Industry consultant Jim Burton, of C-T Link and BCStrategies, threw down the gauntlet on this issue earlier this week during an executive panel on the future of communications at Enterprise Connect. Having a hiccup every time he moves from a collaboration session on one vendor’s platform to one on another vendor’s platform “creates a real problem,” Burton said. “It’s not just one vendor, but every vendor does it.” Addressing panelists, he asked: “So, the question is, are you willing to do something about it … and to make some changes to your platform?”
 
While not every participating executive necessarily agreed that their company’s platform might be at fault, all committed to looking into the matter. Meanwhile, the executives — from BlueJeans by Verizon, Cisco, Microsoft, RingCentral, Vonage, and Zoom — noted the many nuances of the issue.
 
Some of the behavior resides with the operating system, and as Microsoft’s Scott Van Vliet, CVP of The Intelligent Conversation and Communication Cloud, pointed out, that will vary between Windows and MacOS on the desktop and between iOS and Android on mobile devices. Security will, and should be, a driver, he added.
 
“When you have your video on or your microphone on, you want to make sure that the application using it is the application you’re in.
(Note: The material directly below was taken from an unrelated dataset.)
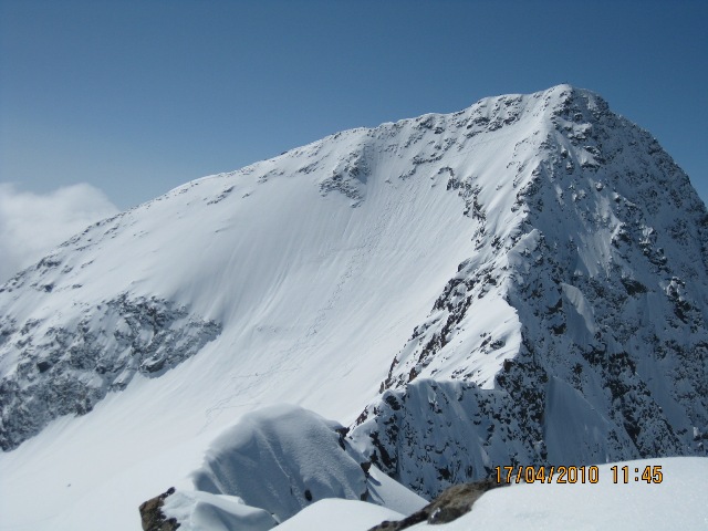 22.04.10: Ruderhof und Östl. Seespitze: Aufstieg Ruderhof vom Stubaital über Nockgrube und Grawawandferner - man muss an den Südhängen schon bis 2100 m die Ski tragen. Alles unberührt und jungfräulich, allerdings kam heute auch vom normalen Südanstieg niemand herauf. Heute auf der ganzen Tour keine Menschenseele gesehen. Bin dann die Ruderhof-Nordflanke abgefahren (auch alles unberührt). In der Wand ist teilweise nicht allzuviel Schnee vorhanden - bin bei der Querung ein Stück über's Eis gerattert. Man soll halt doch nur dort steil runter fahren, wo man auch rauf gegangen ist. Weil ich noch Zeit hatte, bin ich noch von Süden auf die Östl. Seespitze übern Südwesthang und den Südgrat - alles gestapft, weil mit Felle zu hart. Hier bin ich dann die ganz schön lange und auch nicht gerade flache Südostrinne mit Ski runter, wo es schon leicht aufgefirnt hat. Danach musste ich noch von Norden auf's Grawagrubennieder. Hier war alles pulvrig mit teilweise Grieseleinlagen, so dass ich hier teilweise nur mehr mit Ski höher kam. Anschließend dann die super Firnabfahrt in der Nockgrube und die letzten 400 hm die Ski zum Auto getragen, das hat mir aber nix ausgemacht, weil's ja doch eine lässige Runde war. Das 1. Foto ist die Ruderhof-Nordflanke von der Östl. Seespitze aus - habe oben ein paar Schwünge gemacht und bin dann im Bild nach rechts rübergequert. Unten das 2. Foto die Östl. Seespitze von der Ruderhof - die Südostrinne zieht vom Gipfel nach rechts unten weg.

So, maintaining a lock on resources, especially a camera, is critical for the [desktop] experience,” whereas releasing a camera when a user minimizes a meeting on a mobile device is a security sandbox feature, Van Vliet said.
 
Does Microsoft hang onto resources post-meeting? That’s something Van Vliet said he’d have to look into, to “make sure we’re not creating any unnecessary loss on resources that are being used by our application but aren’t released as soon as the meeting ends.”
 
Absolutely, “any application should only hold on to resources for as long as needed,” Javed Khan, SVP and GM of Collaboration at Cisco. “But you have to take a use case-based approach,” he added. After all, you wouldn’t want an incoming phone call to grab your audio resources if you’re in a video meeting, he noted.
 
While releasing resources to create a seamless user experience is important, the issue is really much bigger than that, suggested Savinay Berry, EVP of product and engineering at Vonage. And it’s not just about security, either, he added. Imagine what having three or four video streams playing simultaneously on a mobile device does to battery life, he said.
 
“How do you control that? How do you manage that? Perhaps what’s really needed to help out users, and which should be looking into, is a standard that vendors can adopt for a shared resource model with “guardrails for security, battery life, and privacy,” Berry suggested.
 
But it’s not just the device in use for communications but the office environment, too, Eric Spadafora, VP and GM of BlueJeans by Verizon, said.
 
“As an industry, interoperability remains essential,” and that goes beyond the “hooking and unhooking of calls,” Spadafora added. “[Interoperability] is where I think all of us can work together to make sure that we’re providing that smooth platform and, ultimately, it’s not a differentiated, for example, to the user by which form factor or what location they’re in,” he said.
 
It all comes down to what’s right for the user experience, of course. As Nat Natarajan, EVP of products and engineering at RingCentral said, “That’s where we will win or lose.” It just has to work, agreed Harry Moseley, CIO at Zoom.
 
BCStrategies is committed to tracking our panelists’ promises to look into how their meeting platforms deal with resources, Burton said. And we’ll all have to keep them accountable.